Last Word Syndrome. That's what I call it. Since the first movie that had some important character expire after great turmoil, ushered in by a great pithy remark that, no doubt, had been planned for ages but delivered with an offhand graced polished by directors, we've wanted our own last words to be remembered. We're interested in Oliver Stone making some movie titled "Never Forget, Never Surrender" based on our lives - the words etched on a tombstone decorated with white lilies. Last Word Syndrome reminds us of our mortality, even as it leads us to remember a loved one's immortality. The hope of never really dying, not in the way that really matters. Of being remembered. Last Word Syndrome.


My brother David was always trying to out-do me, just as brothers are supposed to do. He's older by 2 years, but I've generally shown more aptitude with scholastics, with humor, artistic inspiration - his laziness has ever been his undoing, and his ego his worst enemy. In first grade I picked up the trombone. Later that same year he decided to learn the violin. I spent every waking minute learning to better massage the beauty from the horn, where he plucked offensive notes only during the scheduled class periods. Honor Roll lists, college achievement, paychecks - yet we remained the best of friends.

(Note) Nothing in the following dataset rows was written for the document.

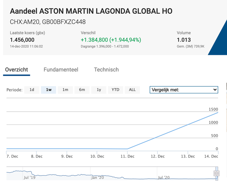 Wat slordig van de banken dat ze niet voorbereid waren op de aangekondigde nieuwe stock split. Wie kijkt in de documenten ziet nu dat Aston Martin ($AMGDF) vanmorgen een reverse stock split met een 20:1 ratio heeft uitgevoerd. In de bankapps van sommige beleggers (dank voor tips) leek het echter op een explosie.
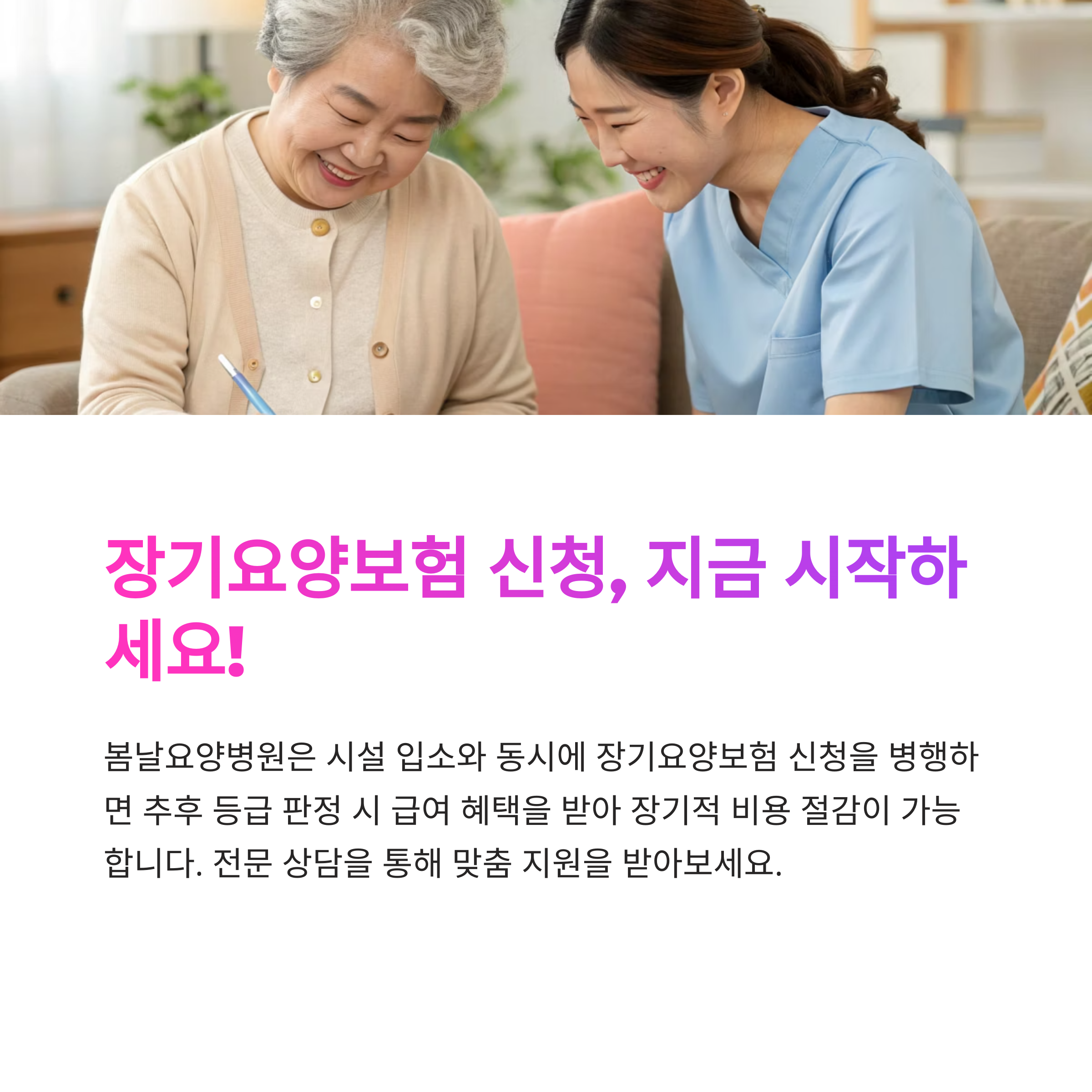 가장 중요한 것은 어르신이 편안하고 행복한 노후를 보낼 수 있는 환경을 제공하는 것입니다. 여러 시설을 비교하고 직접 방문하여 확인한 후 신중하게 결정하시기 바랍니다. 봄날요양병원과 같은 전문 노인요양시설은 장기요양보험 없이도 양질의 케어를 제공하여 어르신과 가족 모두에게 안정감을 줄 수 있습니다.
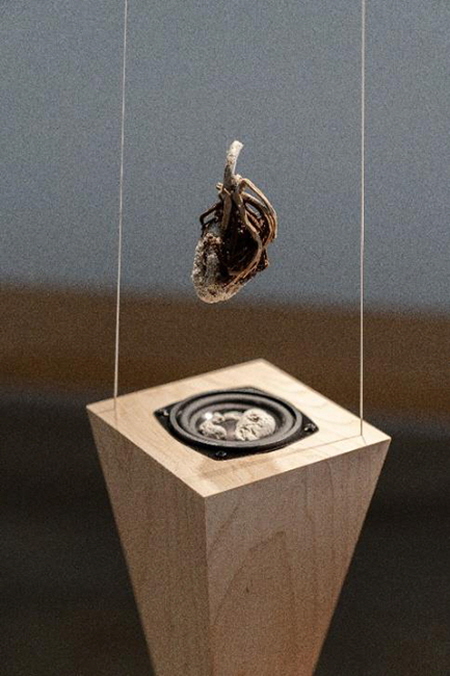 김준 作_깊은 우물, 2024_복합매체(목재, 스피커, 앰프, 건조된 식물, 수집된 암석들, 3채널 사운드)_가변크기
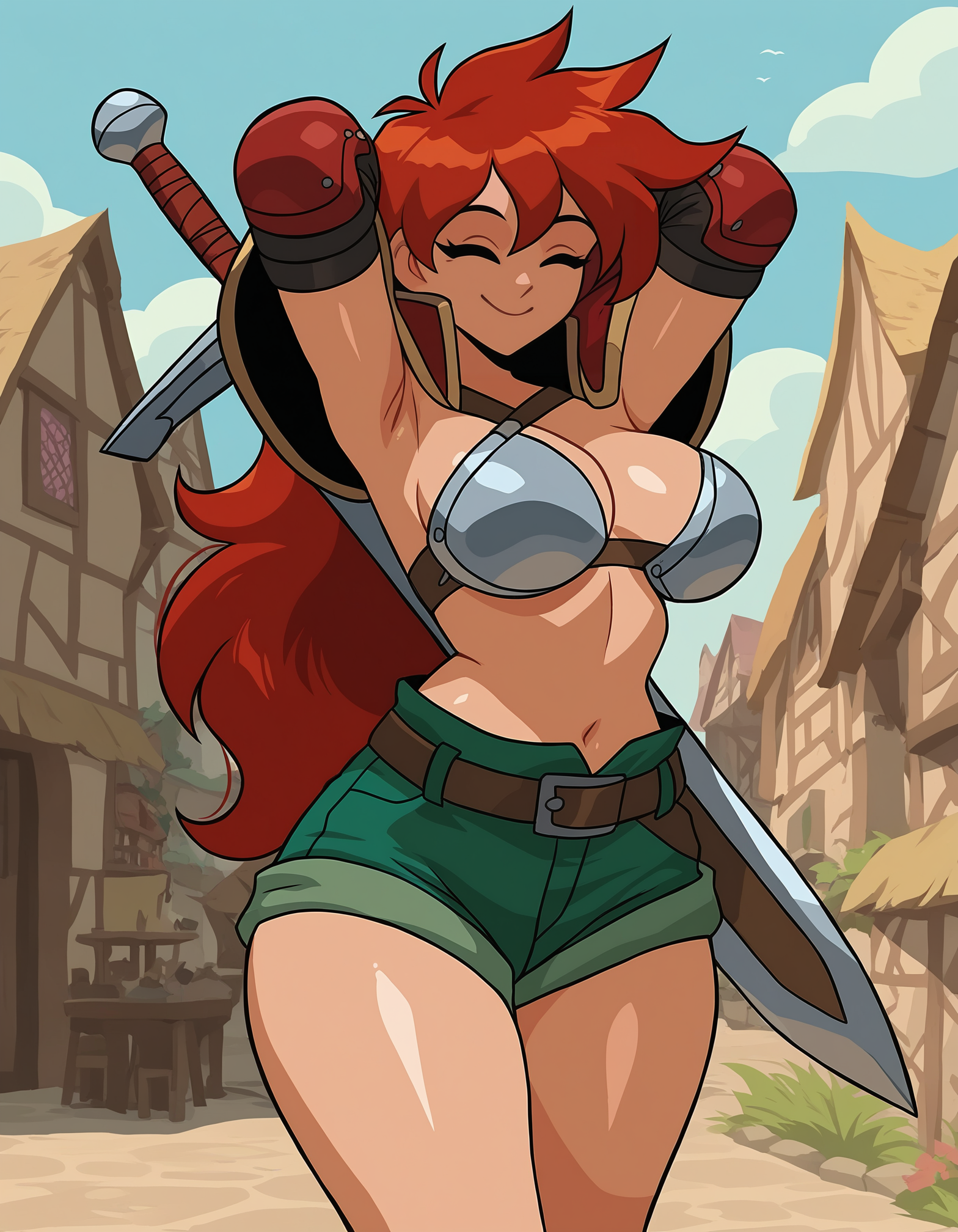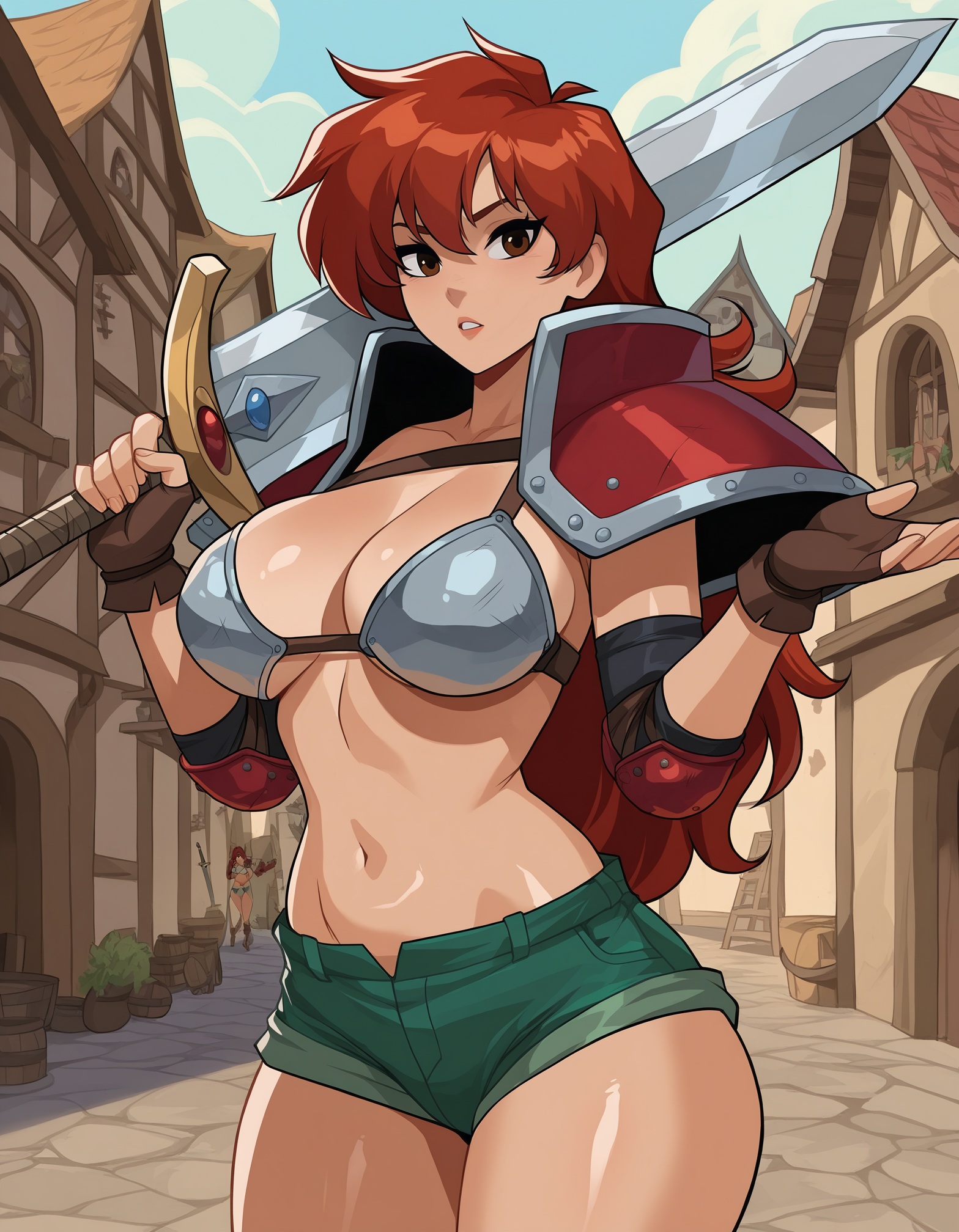 bikini armor, red pauldrons, elbow pads, fingerless gloves, green shorts, midriff, boots, knee pads,

I reminded my brother of all these victories of mine in a champagne toast at his wedding reception. He fell in love with Sarah, who had been like a sister my entire life. The change from "sister" to sister-in-law was an easy shift for me.

It took David 22 years to convince her to come to the altar with him. I reminded him of this, as well.

He rebutted that I had not yet found someone myself (at the time I was 20 years old). Given how very much I loved the two of them, that was one competition I was perfectly happy to lose, so long as the two of them smiled at each other each morning.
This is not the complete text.